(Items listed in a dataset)
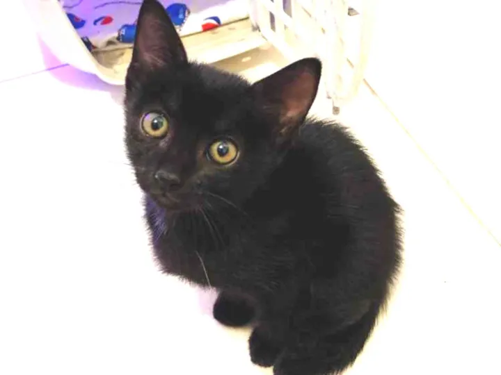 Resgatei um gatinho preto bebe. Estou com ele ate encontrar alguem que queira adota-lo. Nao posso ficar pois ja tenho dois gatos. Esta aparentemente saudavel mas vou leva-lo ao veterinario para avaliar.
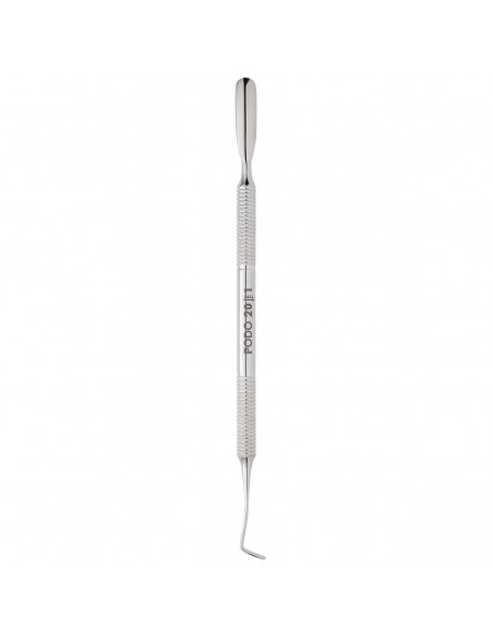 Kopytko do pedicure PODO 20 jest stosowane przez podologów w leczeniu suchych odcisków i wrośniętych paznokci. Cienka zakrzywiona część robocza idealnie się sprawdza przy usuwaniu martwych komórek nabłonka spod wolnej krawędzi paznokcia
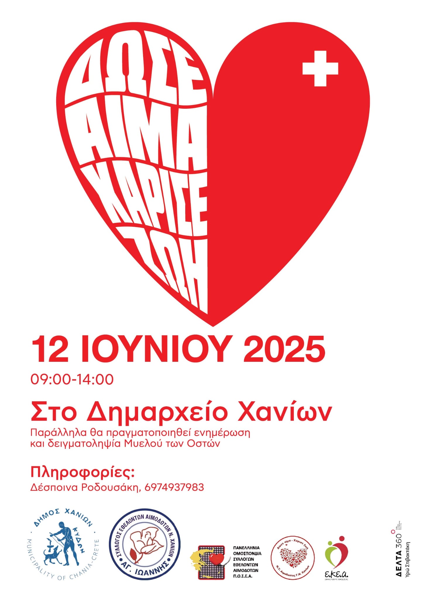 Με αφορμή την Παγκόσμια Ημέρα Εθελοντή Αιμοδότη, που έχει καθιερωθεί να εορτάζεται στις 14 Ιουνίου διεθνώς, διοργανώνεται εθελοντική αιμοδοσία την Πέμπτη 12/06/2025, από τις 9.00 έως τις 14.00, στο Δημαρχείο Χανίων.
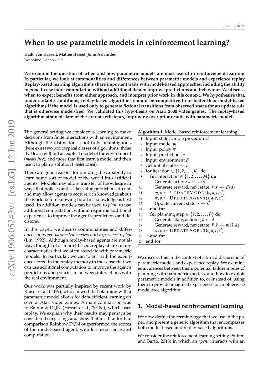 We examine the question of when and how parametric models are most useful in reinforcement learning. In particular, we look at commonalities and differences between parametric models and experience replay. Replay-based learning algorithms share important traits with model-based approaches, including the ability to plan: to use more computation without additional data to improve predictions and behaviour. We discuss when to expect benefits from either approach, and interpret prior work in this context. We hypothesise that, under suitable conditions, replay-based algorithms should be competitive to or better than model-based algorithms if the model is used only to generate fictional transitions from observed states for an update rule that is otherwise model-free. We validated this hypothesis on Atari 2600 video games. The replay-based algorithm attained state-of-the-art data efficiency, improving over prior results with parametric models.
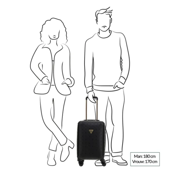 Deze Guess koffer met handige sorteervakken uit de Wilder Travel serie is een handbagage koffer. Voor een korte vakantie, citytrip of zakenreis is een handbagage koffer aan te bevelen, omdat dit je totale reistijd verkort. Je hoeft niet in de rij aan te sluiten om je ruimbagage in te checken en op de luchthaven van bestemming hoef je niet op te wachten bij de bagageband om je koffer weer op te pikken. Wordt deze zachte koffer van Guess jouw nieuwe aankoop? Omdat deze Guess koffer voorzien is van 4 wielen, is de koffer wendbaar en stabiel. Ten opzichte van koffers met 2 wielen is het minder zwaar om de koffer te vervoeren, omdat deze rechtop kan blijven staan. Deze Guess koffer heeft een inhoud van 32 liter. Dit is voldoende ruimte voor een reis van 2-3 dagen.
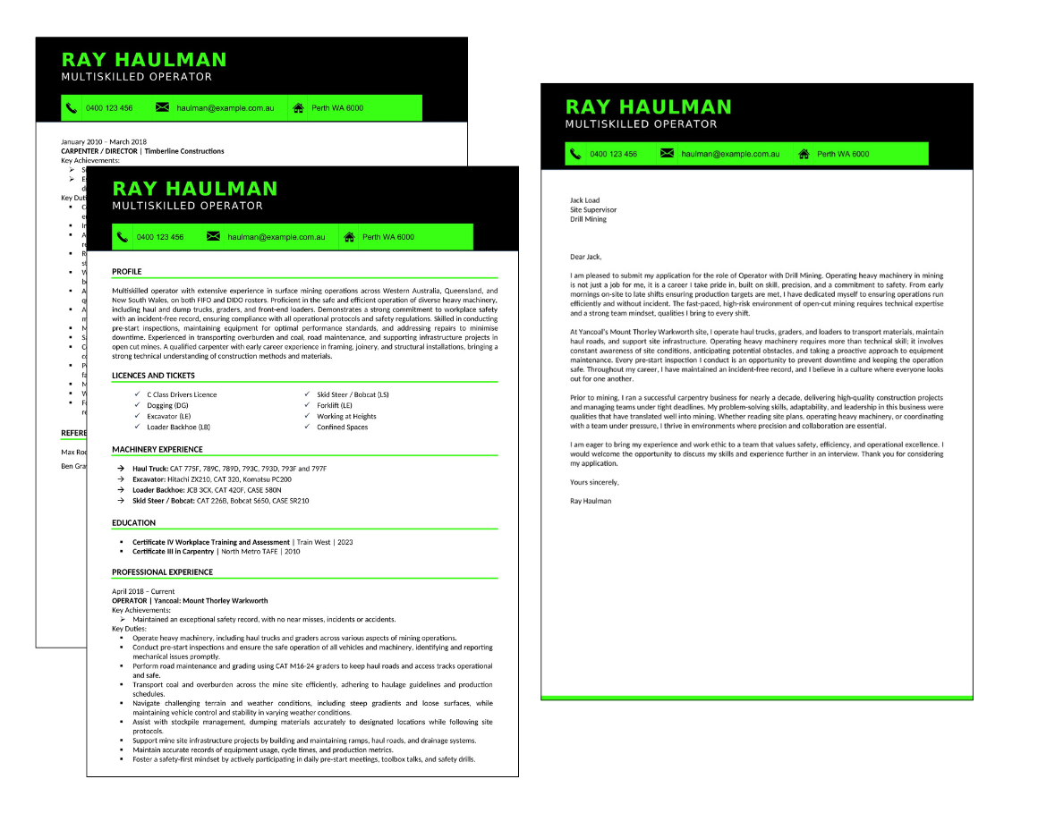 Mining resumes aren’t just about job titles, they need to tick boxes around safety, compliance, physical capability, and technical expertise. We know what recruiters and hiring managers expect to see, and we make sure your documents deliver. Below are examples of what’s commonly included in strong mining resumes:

* _ABOUT THIS EXERCISE_
Give the entries above again exactly, minus their pictures.

* _ANSWER_
 Resgatei um gatinho preto bebe. Estou com ele ate encontrar alguem que queira adota-lo. Nao posso ficar pois ja tenho dois gatos. Esta aparentemente saudavel mas vou leva-lo ao veterinario para avaliar.
 Kopytko do pedicure PODO 20 jest stosowane przez podologów w leczeniu suchych odcisków i wrośniętych paznokci. Cienka zakrzywiona część robocza idealnie się sprawdza przy usuwaniu martwych komórek nabłonka spod wolnej krawędzi paznokcia
 Με αφορμή την Παγκόσμια Ημέρα Εθελοντή Αιμοδότη, που έχει καθιερωθεί να εορτάζεται στις 14 Ιουνίου διεθνώς, διοργανώνεται εθελοντική αιμοδοσία την Πέμπτη 12/06/2025, από τις 9.00 έως τις 14.00, στο Δημαρχείο Χανίων.
 We examine the question of when and how parametric models are most useful in reinforcement learning. In particular, we look at commonalities and differences between parametric models and experience replay. Replay-based learning algorithms share important traits with model-based approaches, including the ability to plan: to use more computation without additional data to improve predictions and behaviour. We discuss when to expect benefits from either approach, and interpret prior work in this context. We hypothesise that, under suitable conditions, replay-based algorithms should be competitive to or better than model-based algorithms if the model is used only to generate fictional transitions from observed states for an update rule that is otherwise model-free. We validated this hypothesis on Atari 2600 video games. The replay-based algorithm attained state-of-the-art data efficiency, improving over prior results with parametric models.
 Deze Guess koffer met handige sorteervakken uit de Wilder Travel serie is een handbagage koffer. Voor een korte vakantie, citytrip of zakenreis is een handbagage koffer aan te bevelen, omdat dit je totale reistijd verkort. Je hoeft niet in de rij aan te sluiten om je ruimbagage in te checken en op de luchthaven van bestemming hoef je niet op te wachten bij de bagageband om je koffer weer op te pikken. Wordt deze zachte koffer van Guess jouw nieuwe aankoop? Omdat deze Guess koffer voorzien is van 4 wielen, is de koffer wendbaar en stabiel. Ten opzichte van koffers met 2 wielen is het minder zwaar om de koffer te vervoeren, omdat deze rechtop kan blijven staan. Deze Guess koffer heeft een inhoud van 32 liter. Dit is voldoende ruimte voor een reis van 2-3 dagen.
 Mining resumes aren’t just about job titles, they need to tick boxes around safety, compliance, physical capability, and technical expertise. We know what recruiters and hiring managers expect to see, and we make sure your documents deliver. Below are examples of what’s commonly included in strong mining resumes:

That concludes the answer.